The COPE options for plagiarism are retraction and public admission. The grey area is how to treat the situation as the science does not appear to be flawed, only how it is presented as the big picture. While the case clearly involves plagiarism (true plagiarism, self-plagiarism and unquoted use of text), there is no way to ensure the science is fairly presented while the authors are reprimanded.
Accepting current e-publication status and future print publication of this manuscript as is, inadvertently declares that the publishing journal accepts partially plagiarised work; retraction limits the release of original science.
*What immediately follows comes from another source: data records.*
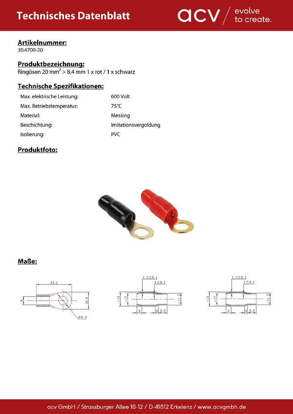 30.4700-20 ACV Złączke oczkowe Car HiFi Zestaw 2-elementowy 20 mm² 8.40 mm czarny, cze...
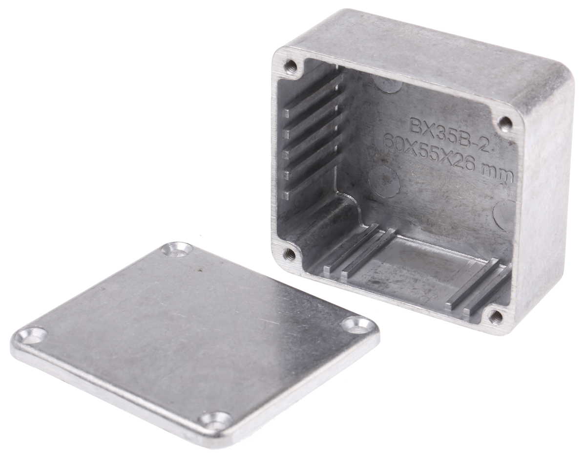This is Aluminium Enclosure IP66 Shielded 60 x 54.9 x 30mm manufactured by RS Pro. The manufacturer part number is 517-3513. Flange Options - no. Its gasket is made using neoprene material . It is IP rated with ip66. Shielding Options yes. It has a decent silver colour. Its external length includes 60 mm. The product's body is nicely designed from die cast aluminium materials. The lid has a classical silver colour. Features 60 x 54.9 x 30mm external caliber. While its external height is 30 mm. The product is 54.9 mm wide.
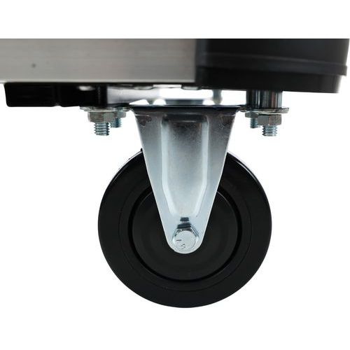 - Pojazdnosť zaisťujú polyamidové kolesá s priemerom 100 mm, dve pevné kolesá a dve otočné s brzdou.
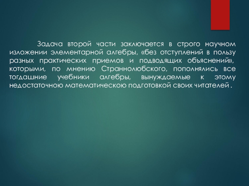 элементарной алгебры, «без отступлений в пользу разных практических приемов и подводящих объяснений», которыми, по мнению Страннолюбского, пополнялись все тогдашние учебники алгебры, вынуждаемые к этому недостаточною математическою подготовкой своих читателей .
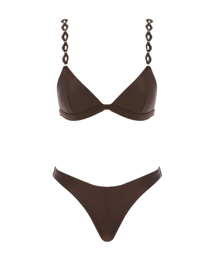 Chocolate color, diamond-trimmed bra, molded bra cups, clip in the center of the rear of the bra, buckle fixation with logo engraved buckle, adjustable shoulder straps, hollowed-out and gold metal eyelets, briefs.

The editor told the Forum that the article is in the process of being retracted. The Forum emphasised the fact that, in this case, all authors should agree to the retraction, and the reason for the retraction must be stated. In this case, the editor is convinced that the data are not fraudulent. This must be stated in the retraction notice. Hence the retraction notice should say that the editor is satisfied that the data are not fraudulent but that the article contains plagiarised material. Repetition of the introduction or discussion sections of an article is less of an issue that repetition of the results section. The advice was to consult the COPE retraction guidelines, published on 1 December. The Forum advised the editor that you cannot rely too heavily on software that detects plagiarism. It has to be a judgement call on the part of the editor. Self-plagiarism can be a grey area—the author must cite previous papers otherwise there may be a breach of copyright. The Forum questioned whether the authors really understood that they need to re-write language in their own words—does the paper just need to be better edited? Other advice was to contact the author’s institution, informing them of the situation.
Most authors were contacted, with the exception of the first author. A retraction of the article was made initially, and a statement was generated according to the legal guidelines established by the publisher, and was agreed by the corresponding authors and editors. The authors were given the option to resubmit a rewritten manuscript using the same data as there was no evidence of fraud or plagiarism in the results. Upon resubmission of said re-written text, the sections initially highlighted as having been plagiarised were modified but additional, similar sections of plagiarism were detected elsewhere in the manuscript. The revised work was immediately rejected.